ACTIVITY -
Could you give back every entry below exactly, with the pictures dropped?

==================================================

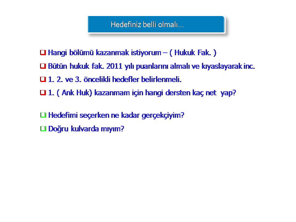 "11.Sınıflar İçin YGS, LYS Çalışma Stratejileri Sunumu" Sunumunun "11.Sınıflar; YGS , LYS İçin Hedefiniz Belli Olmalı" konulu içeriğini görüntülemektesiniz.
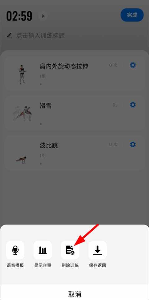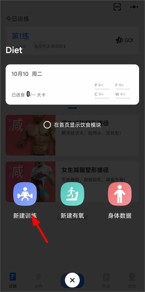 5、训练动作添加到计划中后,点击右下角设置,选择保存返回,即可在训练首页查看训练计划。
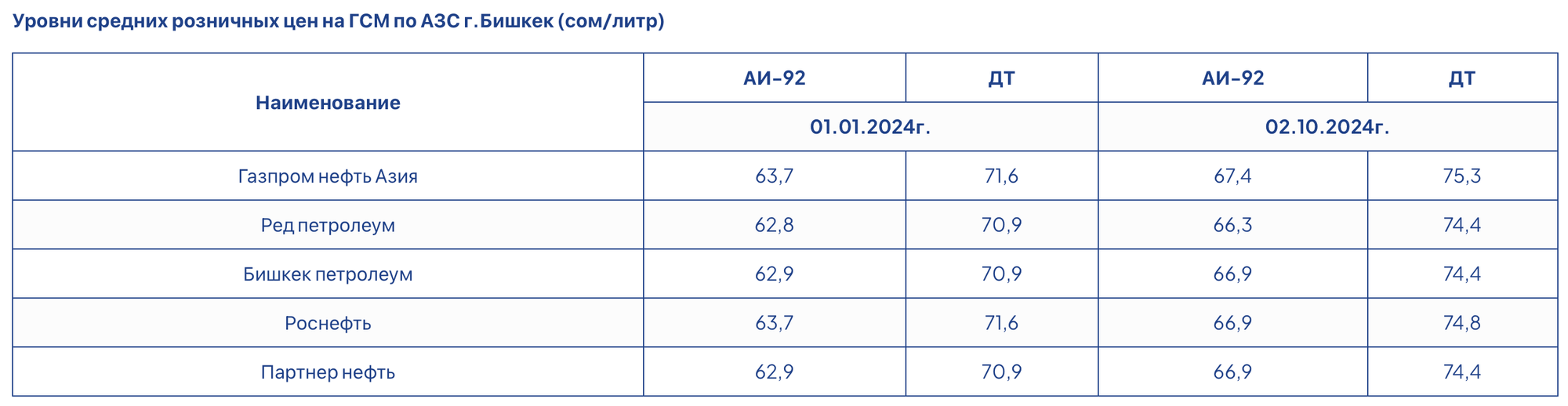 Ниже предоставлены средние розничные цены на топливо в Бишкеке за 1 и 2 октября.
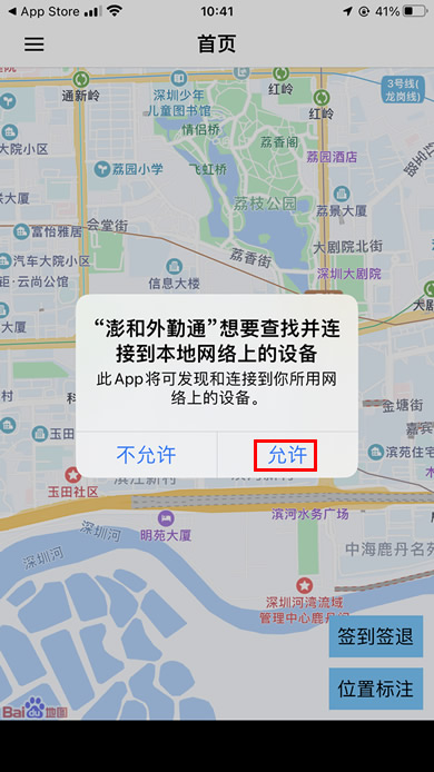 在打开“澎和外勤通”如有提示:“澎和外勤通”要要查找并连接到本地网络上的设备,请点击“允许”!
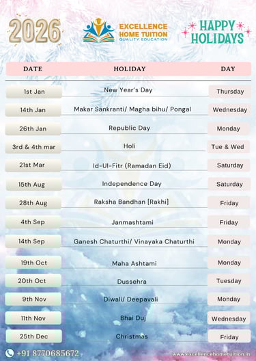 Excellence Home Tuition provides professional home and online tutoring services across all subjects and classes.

==================================================

RESPONSE -
 "11.Sınıflar İçin YGS, LYS Çalışma Stratejileri Sunumu" Sunumunun "11.Sınıflar; YGS , LYS İçin Hedefiniz Belli Olmalı" konulu içeriğini görüntülemektesiniz.
 5、训练动作添加到计划中后,点击右下角设置,选择保存返回,即可在训练首页查看训练计划。
 Ниже предоставлены средние розничные цены на топливо в Бишкеке за 1 и 2 октября.
 在打开“澎和外勤通”如有提示:“澎和外勤通”要要查找并连接到本地网络上的设备,请点击“允许”!
 Excellence Home Tuition provides professional home and online tutoring services across all subjects and classes.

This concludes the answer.